§ Activity
Transcribe the data below verbatim from the line with "4、進(jìn)入windo" to the line with "নারায়ণগঞ্জ সিটি কর্পোরেশন". Include both of those lines.

**** Materials provided ****

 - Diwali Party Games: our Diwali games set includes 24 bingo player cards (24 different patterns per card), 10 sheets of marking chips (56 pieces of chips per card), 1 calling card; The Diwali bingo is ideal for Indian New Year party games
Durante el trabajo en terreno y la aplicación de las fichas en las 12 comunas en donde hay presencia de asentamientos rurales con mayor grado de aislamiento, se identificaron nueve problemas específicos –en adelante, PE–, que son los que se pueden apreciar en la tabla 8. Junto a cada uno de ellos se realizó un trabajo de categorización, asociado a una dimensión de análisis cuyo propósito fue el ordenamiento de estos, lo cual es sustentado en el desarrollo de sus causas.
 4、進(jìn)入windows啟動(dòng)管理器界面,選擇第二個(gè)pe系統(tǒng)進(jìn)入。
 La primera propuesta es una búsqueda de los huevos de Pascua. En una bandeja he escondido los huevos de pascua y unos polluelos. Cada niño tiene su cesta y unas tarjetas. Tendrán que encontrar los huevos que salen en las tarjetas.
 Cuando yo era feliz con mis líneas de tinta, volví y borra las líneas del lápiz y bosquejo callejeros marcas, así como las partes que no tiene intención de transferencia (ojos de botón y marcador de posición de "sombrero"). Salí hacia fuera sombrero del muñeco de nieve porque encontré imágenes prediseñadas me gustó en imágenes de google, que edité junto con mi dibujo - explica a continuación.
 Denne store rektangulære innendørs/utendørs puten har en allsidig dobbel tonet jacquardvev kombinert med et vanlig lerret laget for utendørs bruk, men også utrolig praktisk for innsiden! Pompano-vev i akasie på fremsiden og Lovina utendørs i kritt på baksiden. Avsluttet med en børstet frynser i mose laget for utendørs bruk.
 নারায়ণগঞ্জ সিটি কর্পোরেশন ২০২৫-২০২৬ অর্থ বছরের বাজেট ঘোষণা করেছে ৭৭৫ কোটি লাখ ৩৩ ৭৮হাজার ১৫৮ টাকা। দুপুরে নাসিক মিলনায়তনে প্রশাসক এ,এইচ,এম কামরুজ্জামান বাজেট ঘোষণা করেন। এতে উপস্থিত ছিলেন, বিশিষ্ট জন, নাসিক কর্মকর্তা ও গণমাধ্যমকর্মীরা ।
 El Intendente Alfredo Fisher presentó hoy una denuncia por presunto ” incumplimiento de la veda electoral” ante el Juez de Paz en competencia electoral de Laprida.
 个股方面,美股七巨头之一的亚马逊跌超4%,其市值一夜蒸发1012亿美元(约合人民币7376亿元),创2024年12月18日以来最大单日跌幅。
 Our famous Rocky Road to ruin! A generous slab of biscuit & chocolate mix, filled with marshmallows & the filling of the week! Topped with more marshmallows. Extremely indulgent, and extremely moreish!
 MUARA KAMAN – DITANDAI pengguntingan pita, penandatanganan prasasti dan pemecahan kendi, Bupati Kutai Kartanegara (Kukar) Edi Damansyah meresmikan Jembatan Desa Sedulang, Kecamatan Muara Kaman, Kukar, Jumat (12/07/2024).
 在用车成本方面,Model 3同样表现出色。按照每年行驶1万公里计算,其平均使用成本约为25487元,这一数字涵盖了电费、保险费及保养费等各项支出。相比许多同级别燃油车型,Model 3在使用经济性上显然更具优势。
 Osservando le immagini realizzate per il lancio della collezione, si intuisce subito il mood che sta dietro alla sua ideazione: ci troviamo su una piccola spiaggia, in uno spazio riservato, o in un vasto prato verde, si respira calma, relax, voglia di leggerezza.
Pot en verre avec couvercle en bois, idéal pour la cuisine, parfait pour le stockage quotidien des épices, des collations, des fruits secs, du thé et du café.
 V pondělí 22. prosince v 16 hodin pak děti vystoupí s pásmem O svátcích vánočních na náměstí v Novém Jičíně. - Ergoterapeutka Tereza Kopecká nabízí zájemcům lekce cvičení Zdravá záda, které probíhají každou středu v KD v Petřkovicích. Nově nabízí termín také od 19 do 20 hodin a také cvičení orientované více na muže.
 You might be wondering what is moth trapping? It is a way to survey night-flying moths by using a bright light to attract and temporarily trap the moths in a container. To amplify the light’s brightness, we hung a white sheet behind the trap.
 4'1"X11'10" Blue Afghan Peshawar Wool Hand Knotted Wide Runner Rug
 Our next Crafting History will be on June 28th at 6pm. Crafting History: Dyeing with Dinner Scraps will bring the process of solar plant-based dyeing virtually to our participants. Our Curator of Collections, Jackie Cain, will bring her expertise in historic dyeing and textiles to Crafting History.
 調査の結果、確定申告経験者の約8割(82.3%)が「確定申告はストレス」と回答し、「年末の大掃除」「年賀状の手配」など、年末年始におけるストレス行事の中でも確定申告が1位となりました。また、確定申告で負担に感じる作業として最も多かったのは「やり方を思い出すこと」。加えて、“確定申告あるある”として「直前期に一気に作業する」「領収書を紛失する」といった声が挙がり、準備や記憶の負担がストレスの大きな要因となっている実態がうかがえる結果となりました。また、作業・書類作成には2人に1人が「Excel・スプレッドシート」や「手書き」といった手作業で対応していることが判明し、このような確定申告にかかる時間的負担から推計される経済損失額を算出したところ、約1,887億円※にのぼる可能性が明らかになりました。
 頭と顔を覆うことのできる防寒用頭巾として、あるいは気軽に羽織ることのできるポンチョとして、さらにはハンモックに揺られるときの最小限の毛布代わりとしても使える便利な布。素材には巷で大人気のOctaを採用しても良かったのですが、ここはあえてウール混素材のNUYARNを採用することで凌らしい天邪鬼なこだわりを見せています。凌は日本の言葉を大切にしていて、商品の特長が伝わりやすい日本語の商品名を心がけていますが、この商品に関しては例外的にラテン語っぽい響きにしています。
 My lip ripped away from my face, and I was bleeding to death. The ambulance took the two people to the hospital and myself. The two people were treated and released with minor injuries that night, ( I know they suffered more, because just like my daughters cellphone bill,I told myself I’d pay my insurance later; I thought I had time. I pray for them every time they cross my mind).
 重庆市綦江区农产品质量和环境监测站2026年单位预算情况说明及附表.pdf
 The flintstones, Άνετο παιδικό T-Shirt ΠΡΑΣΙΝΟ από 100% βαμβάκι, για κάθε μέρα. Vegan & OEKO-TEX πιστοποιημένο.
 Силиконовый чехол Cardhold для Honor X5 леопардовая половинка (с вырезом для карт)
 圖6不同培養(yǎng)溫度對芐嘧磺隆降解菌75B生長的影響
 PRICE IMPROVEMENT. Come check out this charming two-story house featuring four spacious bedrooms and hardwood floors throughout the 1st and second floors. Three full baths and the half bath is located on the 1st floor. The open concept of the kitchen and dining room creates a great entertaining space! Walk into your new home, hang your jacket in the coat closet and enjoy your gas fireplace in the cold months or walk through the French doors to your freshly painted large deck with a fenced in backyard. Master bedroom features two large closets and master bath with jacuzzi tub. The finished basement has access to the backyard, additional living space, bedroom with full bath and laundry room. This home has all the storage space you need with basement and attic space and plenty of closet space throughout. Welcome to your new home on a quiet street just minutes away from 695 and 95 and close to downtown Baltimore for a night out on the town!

****

§ Your solution
 4、進(jìn)入windows啟動(dòng)管理器界面,選擇第二個(gè)pe系統(tǒng)進(jìn)入。
 La primera propuesta es una búsqueda de los huevos de Pascua. En una bandeja he escondido los huevos de pascua y unos polluelos. Cada niño tiene su cesta y unas tarjetas. Tendrán que encontrar los huevos que salen en las tarjetas.
 Cuando yo era feliz con mis líneas de tinta, volví y borra las líneas del lápiz y bosquejo callejeros marcas, así como las partes que no tiene intención de transferencia (ojos de botón y marcador de posición de "sombrero"). Salí hacia fuera sombrero del muñeco de nieve porque encontré imágenes prediseñadas me gustó en imágenes de google, que edité junto con mi dibujo - explica a continuación.
 Denne store rektangulære innendørs/utendørs puten har en allsidig dobbel tonet jacquardvev kombinert med et vanlig lerret laget for utendørs bruk, men også utrolig praktisk for innsiden! Pompano-vev i akasie på fremsiden og Lovina utendørs i kritt på baksiden. Avsluttet med en børstet frynser i mose laget for utendørs bruk.
 নারায়ণগঞ্জ সিটি কর্পোরেশন ২০২৫-২০২৬ অর্থ বছরের বাজেট ঘোষণা করেছে ৭৭৫ কোটি লাখ ৩৩ ৭৮হাজার ১৫৮ টাকা। দুপুরে নাসিক মিলনায়তনে প্রশাসক এ,এইচ,এম কামরুজ্জামান বাজেট ঘোষণা করেন। এতে উপস্থিত ছিলেন, বিশিষ্ট জন, নাসিক কর্মকর্তা ও গণমাধ্যমকর্মীরা ।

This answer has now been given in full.